Nothing ever changes.

Sir Robert cites me saying,

"the diary MUST be a modern hoax. There is no other possibility."

and then adds

Repeating your mantra doesn't make it true.

But of course, if you go back and read my post, you'll see that the part of the sentence he cited was actually the end of a conditional argument.

Here's the whole paragraph:


"Remember, every single one of those items on the list has a similar simple, logical, common sense explanation and in each and every case that explanation tells us this book was written in modern times. And if only ONE of those simple and logical explanations is correct, the diary MUST be a modern hoax. There is no other possibility."

And, within that paragraph, the final two sentences are completely and undeniably true, without question. If any one of these simple explanations is correct, the diary MUST be a modern hoax, because that's what the explanations tell us. If the Poste House means the Poste House right there where its supposed to be with a name identical to the words on the page, then the diary MUST be a modern hoax.
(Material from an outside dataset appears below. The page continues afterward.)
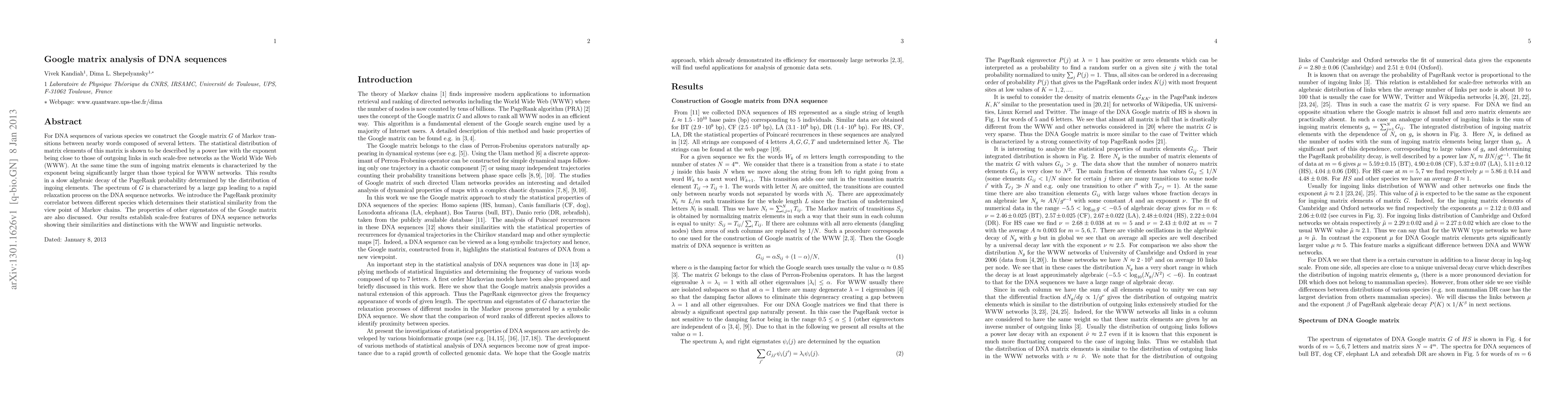 This paper analyzes the Google matrix of DNA sequences, revealing a power-law distribution in its elements akin to scale-free networks like the WWW, with a slower decay in the PageRank probability due to larger ingoing element exponents. The study also introduces a PageRank proximity correlator to measure species similarity via Markov chains, highlighting the unique spectral properties of DNA sequence networks compared to linguistic and WWW networks.
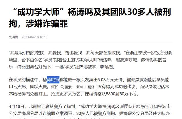 光明网在2023年4月18日关于《“成功学大师”杨涛鸣及其团队30多人被刑拘,涉嫌诈骗罪》的报道

If the "tin matchbox empty" line comes from the "tin matchbox empty" line, then the diary MUST be a modern hoax. If the handwriting formations are accurately described in the report, then the diary MUST be a modern hoax. If the one book in the whole history of the world that we know has that single line of poetry excerpted and cited amidst prose was the source for the only other book in the whole history of the world that has that single line excerpted and cited amidst prose, then the diary MUST be a modern hoax. If there is still no verifiable provenance whatsoever after ten years simply because there is no provenance, then the diary MUST be a modern hoax. If the historical mistakes in the diary are exactly the same as the historical mistakes to be found in modern sources on the subject simply because those sources were used in its creation, then the diary MUST be a modern hoax. If the identical phrases turn up in both the diary and a modern book on Maybrick simply because the book was used when the diary was written, then the diary MUST be a modern hoax.

If any ONE of these simple, logical, common sense explanations is the right one, then the diary MUST be a modern text.

The ONLY way it could not be is if every single one of these simple, straightforward, logical common sense explanations are ALL simultaneously and inexplicably wrong at the same time.

ALL of them.

That's how inductive arguments work, remember?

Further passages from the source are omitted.